++++ RECORDS SHOWN ++++
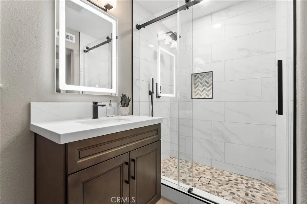 Welcome to Fairmont Terrace, a highly sought-after gated community in Yorba Linda. This beautifully remodeled two-story home blends modern design, smart upgrades, and comfortable living in one seamless package. Step inside and you'll be greeted by high ceilings, a brand-new custom staircase, and a fireplace featuring a statement marble mosaic design. Every detail in this home has been upgraded, including solid wood doors, elegant casings, recessed lighting throughout, and custom closet organizers in all bedrooms. The heart of the home is the chef's kitchen, redesigned for both entertaining and everyday living. Quartzite countertops and a marble backsplash pair beautifully with high-end appliances, including a Wolf range and hood, Wolf M Series double ovens, and a Bosch dishwasher. The kitchen features a spacious island and cabinetry with endless storage, as well as custom solid oak shelving in the generous pantry. Retreat upstairs to a primary suite designed to feel like a luxury spa. High ceilings and a stunning bath create a true escape, with custom cabinetry and quartz countertops, a high-end Japanese soaking tub, pebble-stone shower floor, marble mosaic flooring throughout, and a separate space with a remote-controlled Toto toilet. Two additional upstairs bedrooms share a hall bath that has also been fully redesigned, with quartz counters, a custom tub and shower, and a Toto toilet. The downstairs bedroom and full bath have likewise been fully remodeled, providing comfort and flexibility for guests or multi-generational living. Efficiency and convenience are built in with paid-off solar panels, a Tesla Powerwall, whole-home water filtration, reverse osmosis in the kitchen, dual-zoned HVAC with new ducting, and a whole-house fan. The exterior is also newly painted. Step outside to a spacious backyard with a patio and fruit trees, perfect for gatherings or quiet evenings at home. The back slider also features a convenient remote-controlled shade. This home is more than move-in ready -- it's a rare opportunity to own a highly upgraded, energy-smart property in one of Yorba Linda's most desirable communities, close to top-rated schools, shopping, and dining. Don't miss this incredible opportunity!
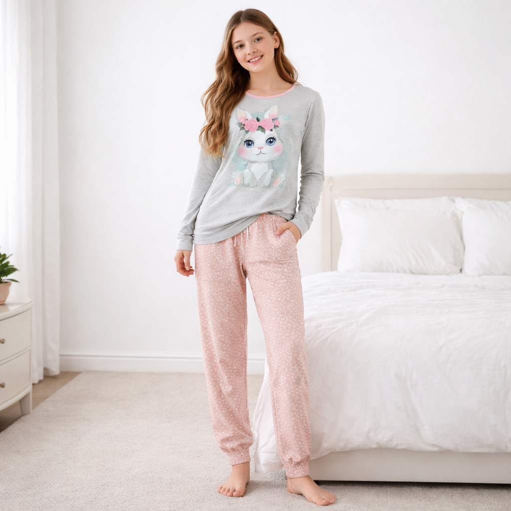 Pijama confortável para adolescente, ideal para noites de descanso com máximo conforto. Conjunto composto por camisola de manga comprida cinza com estampado de coelhinho e calças em tom rosa com padrão floral delicado, criando um conjunto jovem e bonito.
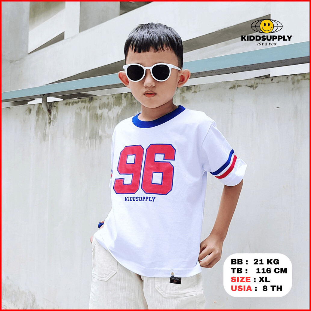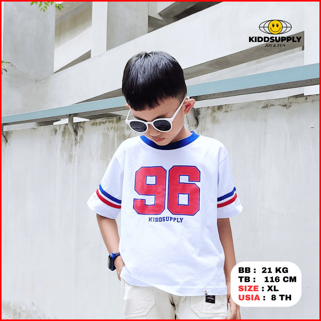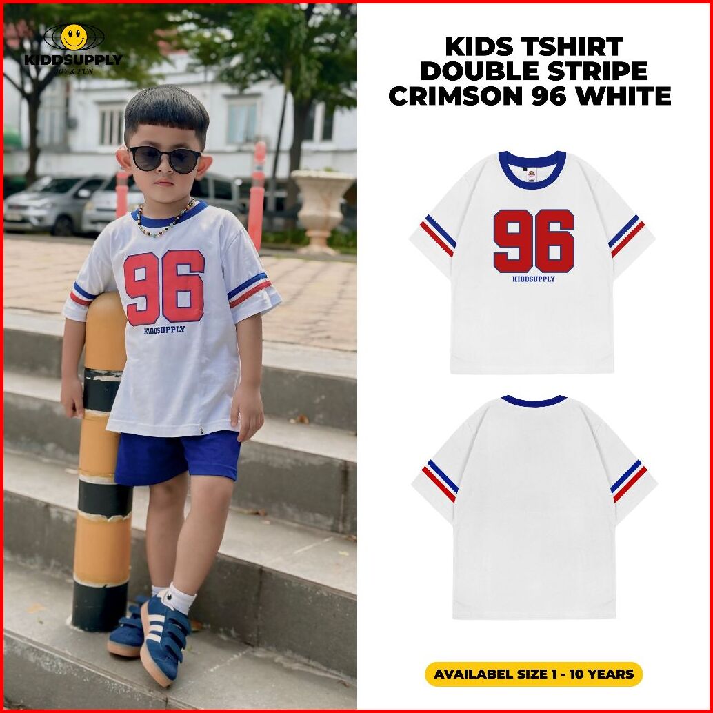 Kiddsupply Kids Tshirt Double Stripe Crimson 96 White L Kaos Regular Anak Unisex Kdtsdsstrip003
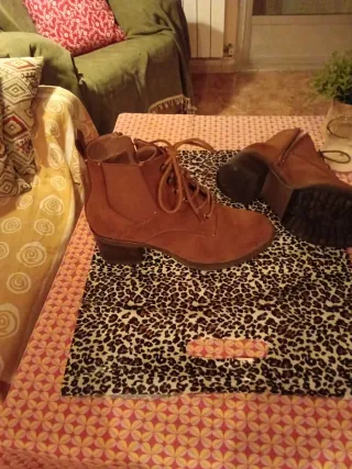 Botines de estilo casual en color marrón. Apenas usados un par de veces, los vendo porque me van justos pero son muy cómodos. Cierre con cremallera en la parte trasera. Tiradores en la parte superior para facilitar su puesta. Suela gruesa y resistente.
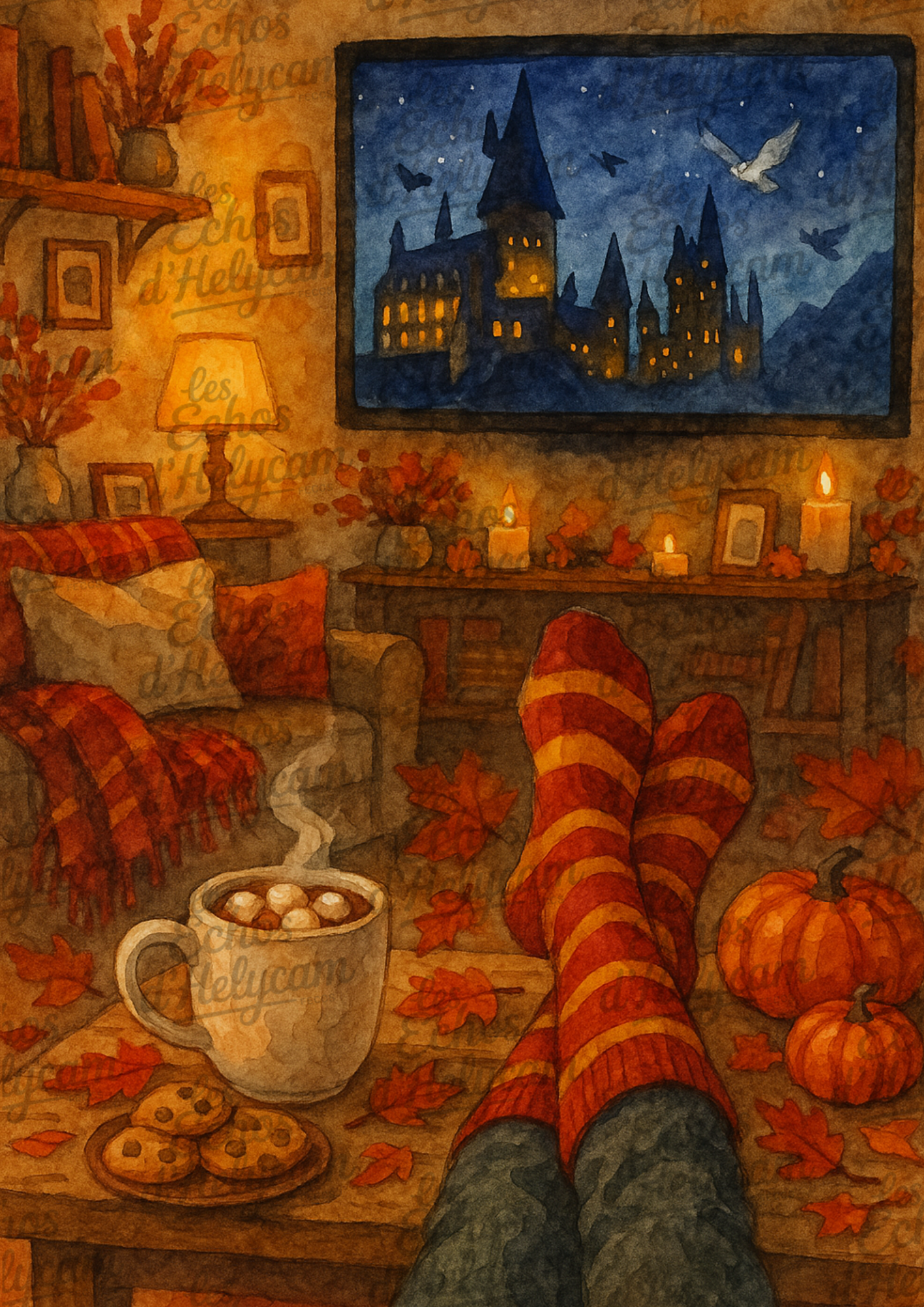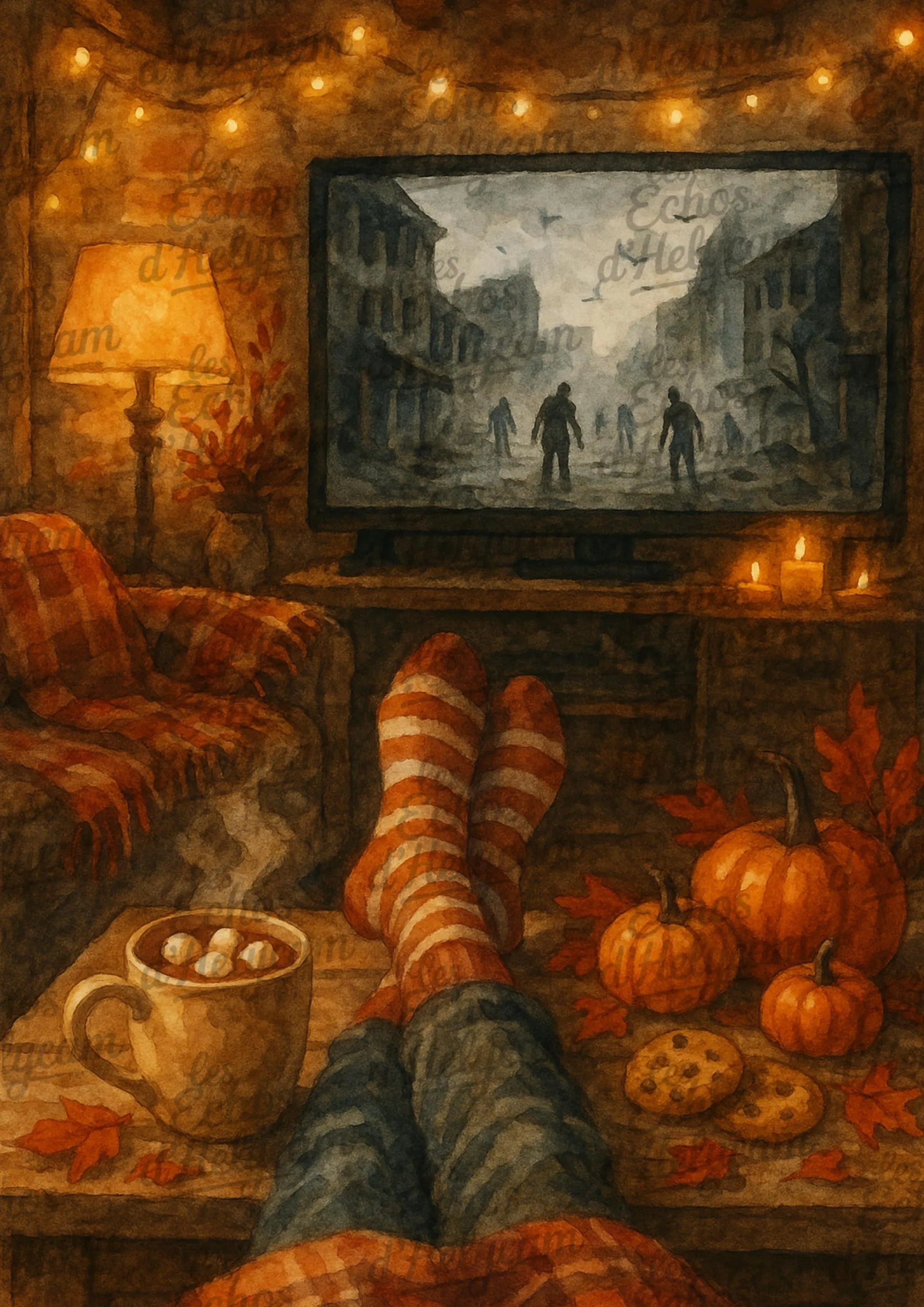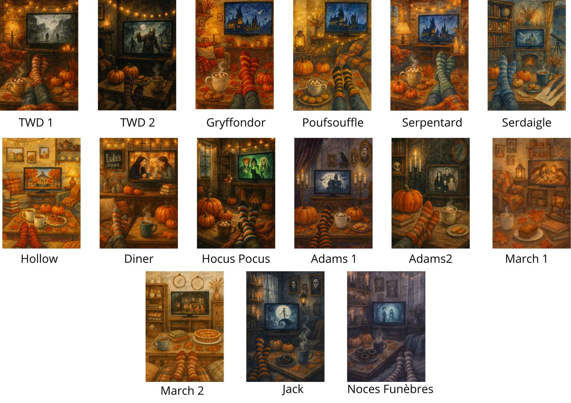 Ces affiches sont nées de cette atmosphère toute douce : un salon chaleureux, des guirlandes lumineuses, des citrouilles… et à l'écran, vos univers préférés.
++++
(THE PROBLEM) Each entry should appear again exactly as written, pictures excluded.

(EXERCISE RESPONSE)
 Welcome to Fairmont Terrace, a highly sought-after gated community in Yorba Linda. This beautifully remodeled two-story home blends modern design, smart upgrades, and comfortable living in one seamless package. Step inside and you'll be greeted by high ceilings, a brand-new custom staircase, and a fireplace featuring a statement marble mosaic design. Every detail in this home has been upgraded, including solid wood doors, elegant casings, recessed lighting throughout, and custom closet organizers in all bedrooms. The heart of the home is the chef's kitchen, redesigned for both entertaining and everyday living. Quartzite countertops and a marble backsplash pair beautifully with high-end appliances, including a Wolf range and hood, Wolf M Series double ovens, and a Bosch dishwasher. The kitchen features a spacious island and cabinetry with endless storage, as well as custom solid oak shelving in the generous pantry. Retreat upstairs to a primary suite designed to feel like a luxury spa. High ceilings and a stunning bath create a true escape, with custom cabinetry and quartz countertops, a high-end Japanese soaking tub, pebble-stone shower floor, marble mosaic flooring throughout, and a separate space with a remote-controlled Toto toilet. Two additional upstairs bedrooms share a hall bath that has also been fully redesigned, with quartz counters, a custom tub and shower, and a Toto toilet. The downstairs bedroom and full bath have likewise been fully remodeled, providing comfort and flexibility for guests or multi-generational living. Efficiency and convenience are built in with paid-off solar panels, a Tesla Powerwall, whole-home water filtration, reverse osmosis in the kitchen, dual-zoned HVAC with new ducting, and a whole-house fan. The exterior is also newly painted. Step outside to a spacious backyard with a patio and fruit trees, perfect for gatherings or quiet evenings at home. The back slider also features a convenient remote-controlled shade. This home is more than move-in ready -- it's a rare opportunity to own a highly upgraded, energy-smart property in one of Yorba Linda's most desirable communities, close to top-rated schools, shopping, and dining. Don't miss this incredible opportunity!
 Pijama confortável para adolescente, ideal para noites de descanso com máximo conforto. Conjunto composto por camisola de manga comprida cinza com estampado de coelhinho e calças em tom rosa com padrão floral delicado, criando um conjunto jovem e bonito.
 Kiddsupply Kids Tshirt Double Stripe Crimson 96 White L Kaos Regular Anak Unisex Kdtsdsstrip003
 Botines de estilo casual en color marrón. Apenas usados un par de veces, los vendo porque me van justos pero son muy cómodos. Cierre con cremallera en la parte trasera. Tiradores en la parte superior para facilitar su puesta. Suela gruesa y resistente.
 Ces affiches sont nées de cette atmosphère toute douce : un salon chaleureux, des guirlandes lumineuses, des citrouilles… et à l'écran, vos univers préférés.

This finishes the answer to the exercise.